"""

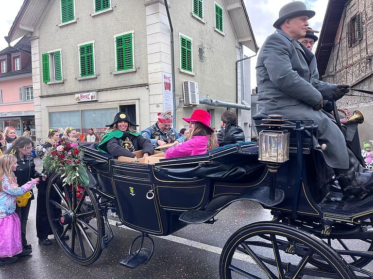 Das Zunftmeisterpaar der Fröschezunft: Denise und Fredy Graf in der Kutsche. Ganz schön vornehm, haben die doch das Motto «Die cheibe Töfflibuebe...»
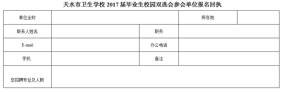 4、请用人单位于3月21日早上8:50到天水市卫生学校招聘现场报到,领取相关资料入场洽谈招聘。
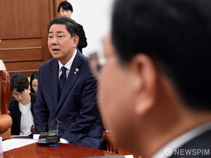 [서울=뉴스핌] 류기찬 기자 = 김병기 더불어민주당 원내대표가 13일 오후 서울 여의도 국회에서 열린 국회의장 주재 여야 원내대표 회동에서 발언을 하고 있다. 2025.10.13 ryuchan0925@newspim.com

"""

**EXERCISE**
Copy out the listing exactly as it stands, but not the pictures.

**RESULT OF THIS EXERCISE**
 Das Zunftmeisterpaar der Fröschezunft: Denise und Fredy Graf in der Kutsche. Ganz schön vornehm, haben die doch das Motto «Die cheibe Töfflibuebe...»
 4、请用人单位于3月21日早上8:50到天水市卫生学校招聘现场报到,领取相关资料入场洽谈招聘。
 [서울=뉴스핌] 류기찬 기자 = 김병기 더불어민주당 원내대표가 13일 오후 서울 여의도 국회에서 열린 국회의장 주재 여야 원내대표 회동에서 발언을 하고 있다. 2025.10.13 ryuchan0925@newspim.com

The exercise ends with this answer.